I don't want to have to ship apps containing the entire runtime. I'm waiting for the stable ABI.
As well, I'm happy to let the keen early-adopters be the guinea pigs. Xcode 8 only came out today. If you have production apps, it's madness to upgrade on day one. I'll wait a few weeks/months for the remaining bugs to shake out.
Don't get me wrong I'm very pro-Swift. But I'm also mindful of my time and sanity. Switching to a new language sure sounds fun, but not exactly productive (in the short term). When I do switch, I want everything to be rock solid, stable, all the tools, docs and everything.
But I have created a couple of toy projects in Swift, and I'm very excited to start using it properly in a year or two.
I've only recently gotten into iOS development and the state of XCode amazes me. It's awful. Frequent crashes, disappearing tests, syntax highlight shutting down... it really makes me wish there were an alternative.
You can buy AppCode. It's based on IntelliJ, so if you are used to taht it's great. But it's not perfect and I usually have both IDEs open when working on iOS (in aprticular, running and debugging are nicer from XCode.
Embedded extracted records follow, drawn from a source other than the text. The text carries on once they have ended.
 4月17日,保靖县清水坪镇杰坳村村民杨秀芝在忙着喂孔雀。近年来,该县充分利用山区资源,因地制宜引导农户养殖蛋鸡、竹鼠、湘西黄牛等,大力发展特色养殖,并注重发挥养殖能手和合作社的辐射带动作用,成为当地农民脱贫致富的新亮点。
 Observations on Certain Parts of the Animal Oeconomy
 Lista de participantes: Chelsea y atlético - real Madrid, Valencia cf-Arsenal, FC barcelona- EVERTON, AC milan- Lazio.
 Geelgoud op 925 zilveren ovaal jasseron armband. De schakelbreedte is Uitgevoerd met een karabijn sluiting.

I write my code in AppCode and run it from XCode).
There's nothing stopping you from using one. The great thing about OSX is that you can get to the command line just like Linux and use Emacs or Vim. Or even GUI IDEs like Geany if that's what you want.
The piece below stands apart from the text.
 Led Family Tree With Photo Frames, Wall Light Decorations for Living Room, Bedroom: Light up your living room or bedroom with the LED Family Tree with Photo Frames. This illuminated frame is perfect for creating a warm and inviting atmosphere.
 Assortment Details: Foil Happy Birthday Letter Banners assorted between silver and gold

A lot of this is worse for Swift than it is for Objective-C. Still, I do find it weird that such a mature product (roots going back decades, really) is still so shaky in fundamental areas. In many ways it has actually regressed since e.g. version 3.
I found versions 5 and 6 really buggy. 7 got better but I am waiting a while before going to 8. It is just too risky to upgrade so soon, given its years of buggy releases. It's poor.
"The entire runtime " is about 6 MB, and its inclusion in your app is completely transparent. (Admittedly I'm on the Mac, and there's undoubtedly more of an impact on iOS.)
As well, I'm happy to let the keen early-adopters be the guinea pigs. Xcode 8 only came out today. If you have production apps, it's madness to upgrade on day one. I'll wait a few weeks/months for the remaining bugs to shake out.
Don't get me wrong I'm very pro-Swift. But I'm also mindful of my time and sanity. Switching to a new language sure sounds fun, but not exactly productive (in the short term). When I do switch, I want everything to be rock solid, stable, all the tools, docs and everything.
But I have created a couple of toy projects in Swift, and I'm very excited to start using it properly in a year or two.